====== Supplied data ======
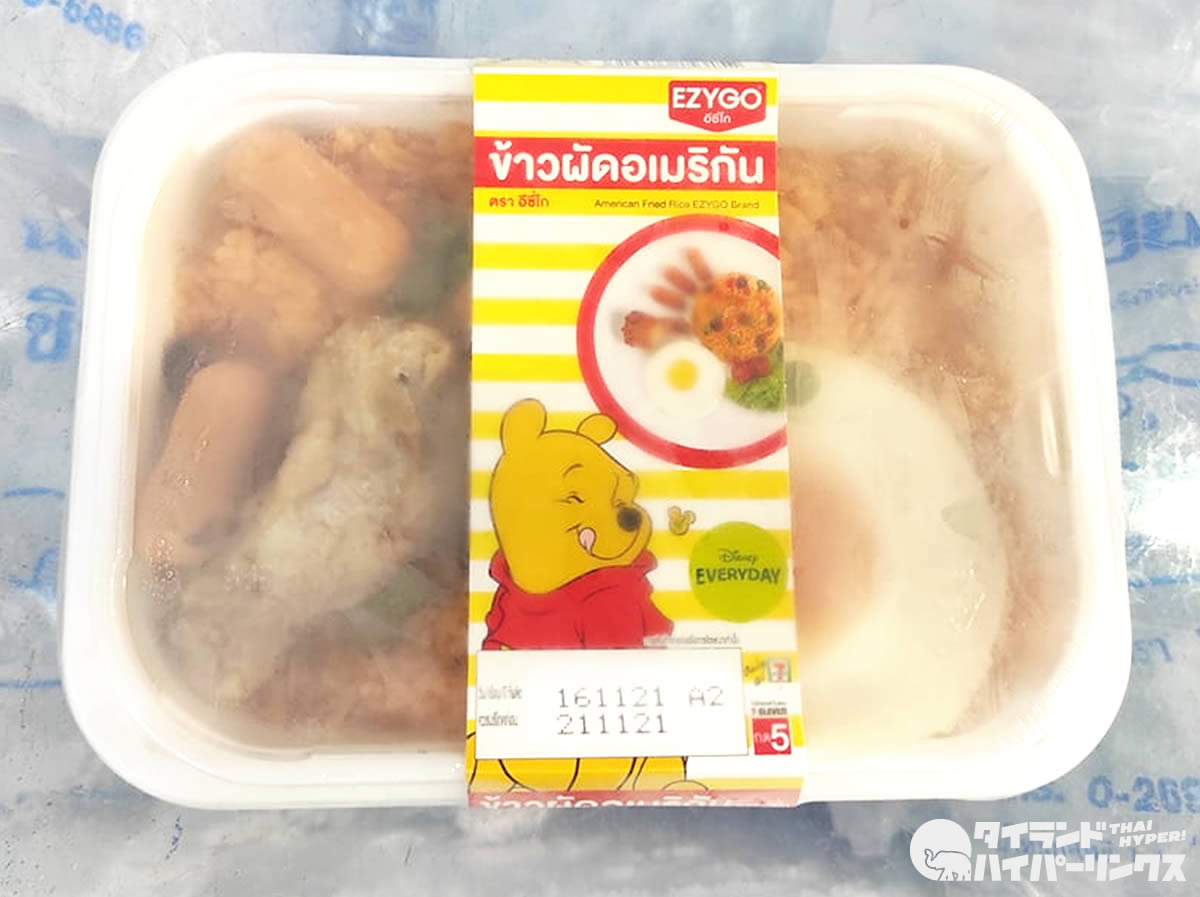 かわいい「くまのプーさん」が描かれた「カオパット・アメリカン」弁当。プーさんの黄色と炒飯の赤のコントラストが鮮やかで、味のことなんて関係なく即決購入。45バーツを支払い、レジで温めてもらい、早速帰っていただきます。
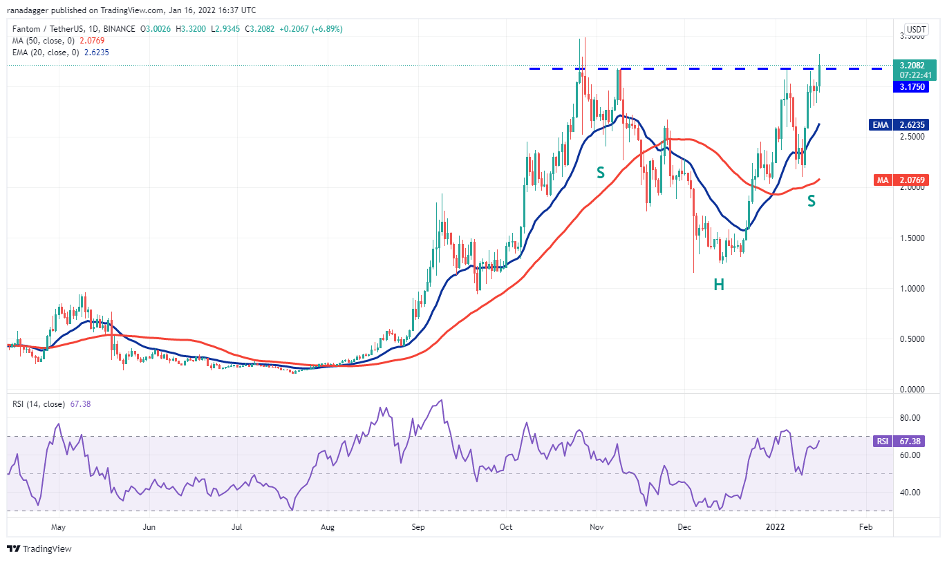 Fantom (FTM) در یک روند صعودی سنگین است. قیمت چند روز گذشته یک سر و شانه معکوس (IH&S) را تشکیل داده است که با شکست کامل می شود و بالای 3.17 دلار بسته می شود.
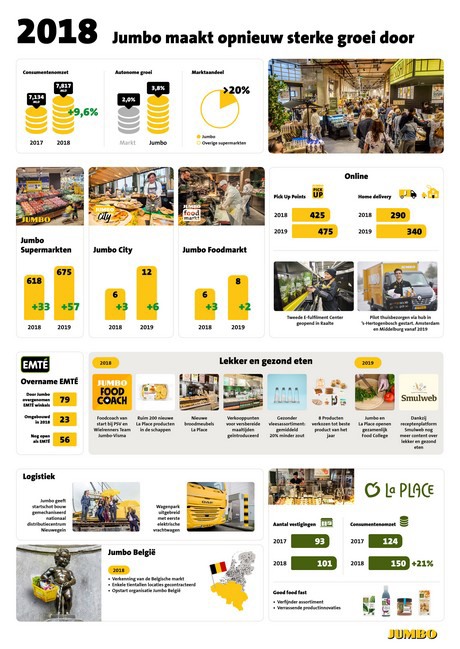 Door de ombouw van 23 EMTÉ supermarkten, de opening van nog eens 12 nieuwe Jumbo vestigingen en 2 sluitingen groeide het winkelbestand met 33 naar een totaal van 618. Als onderdeel daarvan gingen in 2018 3 nieuwe vestigingen van Jumbo Foodmarkt en eveneens 3 van het gemakswinkelconcept Jumbo City open. Jumbo zag hierdoor haar marktaandeel op de Nederlandse markt stijgen tot ruim 20%.
======
:: Assigned task ::
From the line containing "Fantom (FTM) در" through the last line of the listing, inclusive, transcribe every line exactly and nothing else; the pictures stay out.

:: Task result ::
 Fantom (FTM) در یک روند صعودی سنگین است. قیمت چند روز گذشته یک سر و شانه معکوس (IH&S) را تشکیل داده است که با شکست کامل می شود و بالای 3.17 دلار بسته می شود.
 Door de ombouw van 23 EMTÉ supermarkten, de opening van nog eens 12 nieuwe Jumbo vestigingen en 2 sluitingen groeide het winkelbestand met 33 naar een totaal van 618. Als onderdeel daarvan gingen in 2018 3 nieuwe vestigingen van Jumbo Foodmarkt en eveneens 3 van het gemakswinkelconcept Jumbo City open. Jumbo zag hierdoor haar marktaandeel op de Nederlandse markt stijgen tot ruim 20%.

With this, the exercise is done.